Work to complete => The result should be the listing below restated word for word, with images left out.

Exercise data =>
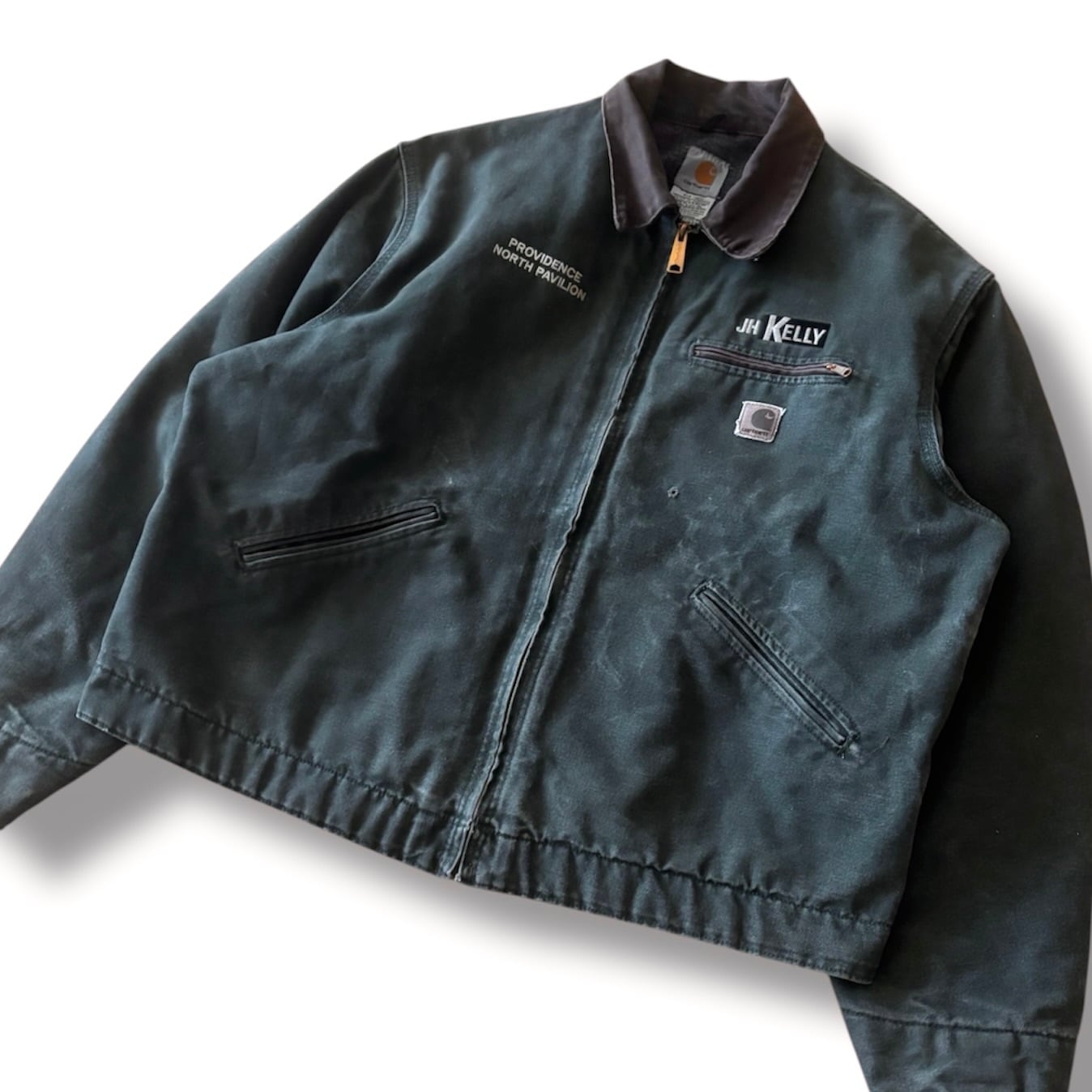 こちらは2006年12月製・USA製のVintage Carhartt デトロイトジャケット。すでに廃盤となっている希少カラーで、市場需要の高いXLサイズ。今っぽく短丈・ジャストサイズで着たい方にも特におすすめです。カラーは最も人気の高いMOS(モスグリーン)。近年は海外市場でも特に注目度が高まっているカラーです。さらに胸元には企業刺繍入りという、近年特に人気の高い好条件の組み合わせとなっております。
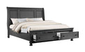 This bedroom furniture piece is designed with both style and practicality in mind. Available in queen and king sizes, it offers two-drawer footboard storage for your convenience. Crafted from a combination of solid and manufactured wood, it features a rustic wire brush gray finish that adds charm to your space.. Available in queen and king sizes. Features 2-drawer footboard storage. Crafted from solid and manufactured wood. Rustic wire brush gray finish for added character.
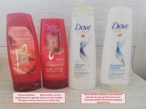 My usual shampoo/conditioner is Dove. The Shampoo bottle has the cap on the top (narrow shaped so cannot be put upside down) and a large base, whilst the conditioner has a large cap and is designed to be upside down, hence drains most of the conditioner at end (apart from having wide shoulders at outlet, and being the most viscous (viscosity = resistance to flow) it does not drain to outlet).
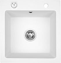 Évier en granit avec siphon | 48 x 50 cm | Évier simple pour meuble bas à partir de 45 cm | Évier de cuisine en granit | Évier intégré avec bonde pop-up et trop-plein (2. Siphon (automatique), blanc)
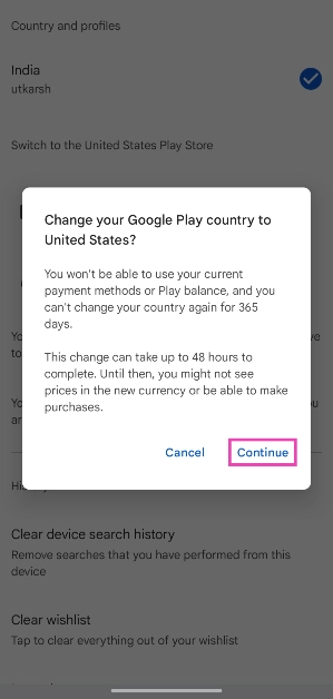 Google Playストアであなたの国を変える前に、留意する必要があることがいくつかあります。まず第一に、あなたの場所を変えるために、あなたのプレイストアアカウントは少なくとも1年前になければなりません。第二に、プレイストアプロフィールに設定する予定の国に基づいて有効なIPアドレスが必要になります。このタスクにはVPNアプリを使用できます。最後に、あなたがあなたのプロフィールに設定しようとしている国からの有効な支払い方法が必要になります。
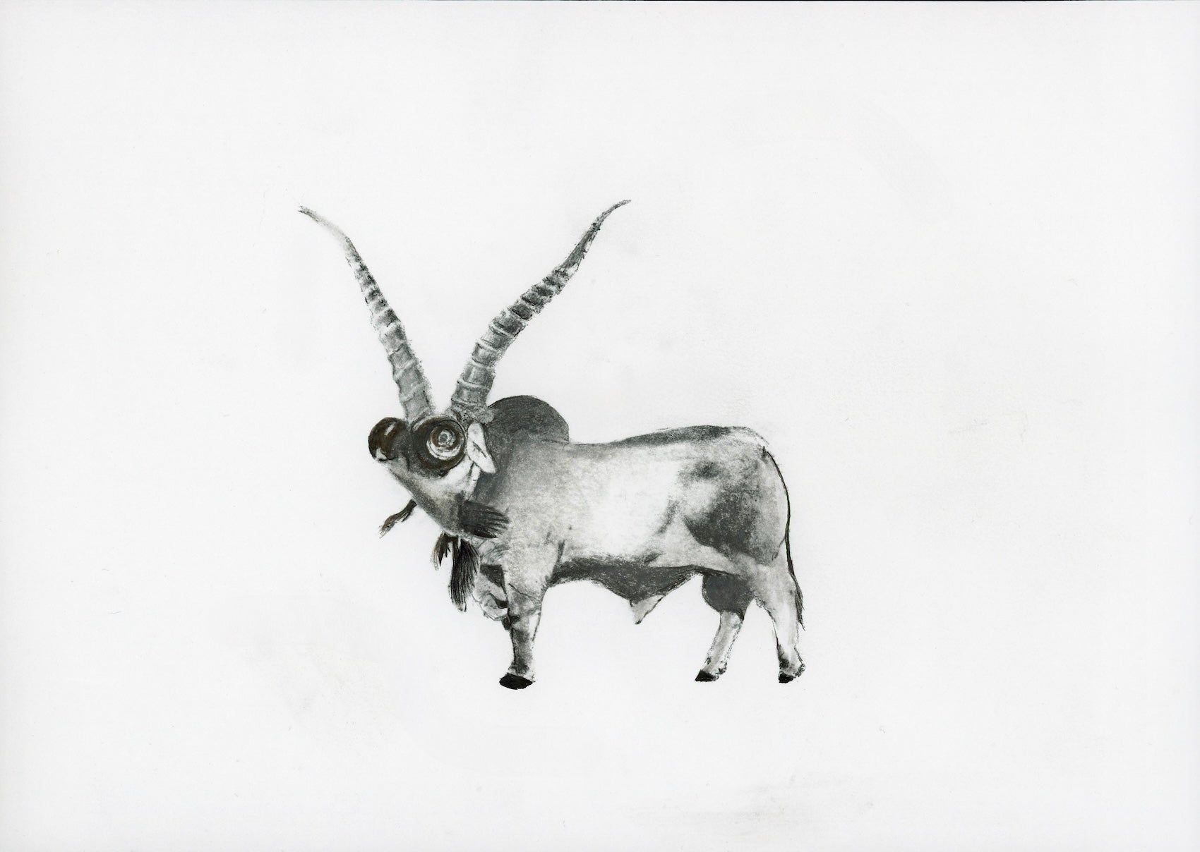 Drawing of bull body with goldfish head and long horns.

Output below =>
 こちらは2006年12月製・USA製のVintage Carhartt デトロイトジャケット。すでに廃盤となっている希少カラーで、市場需要の高いXLサイズ。今っぽく短丈・ジャストサイズで着たい方にも特におすすめです。カラーは最も人気の高いMOS(モスグリーン)。近年は海外市場でも特に注目度が高まっているカラーです。さらに胸元には企業刺繍入りという、近年特に人気の高い好条件の組み合わせとなっております。
 This bedroom furniture piece is designed with both style and practicality in mind. Available in queen and king sizes, it offers two-drawer footboard storage for your convenience. Crafted from a combination of solid and manufactured wood, it features a rustic wire brush gray finish that adds charm to your space.. Available in queen and king sizes. Features 2-drawer footboard storage. Crafted from solid and manufactured wood. Rustic wire brush gray finish for added character.
 My usual shampoo/conditioner is Dove. The Shampoo bottle has the cap on the top (narrow shaped so cannot be put upside down) and a large base, whilst the conditioner has a large cap and is designed to be upside down, hence drains most of the conditioner at end (apart from having wide shoulders at outlet, and being the most viscous (viscosity = resistance to flow) it does not drain to outlet).
 Évier en granit avec siphon | 48 x 50 cm | Évier simple pour meuble bas à partir de 45 cm | Évier de cuisine en granit | Évier intégré avec bonde pop-up et trop-plein (2. Siphon (automatique), blanc)
 Google Playストアであなたの国を変える前に、留意する必要があることがいくつかあります。まず第一に、あなたの場所を変えるために、あなたのプレイストアアカウントは少なくとも1年前になければなりません。第二に、プレイストアプロフィールに設定する予定の国に基づいて有効なIPアドレスが必要になります。このタスクにはVPNアプリを使用できます。最後に、あなたがあなたのプロフィールに設定しようとしている国からの有効な支払い方法が必要になります。
 Drawing of bull body with goldfish head and long horns.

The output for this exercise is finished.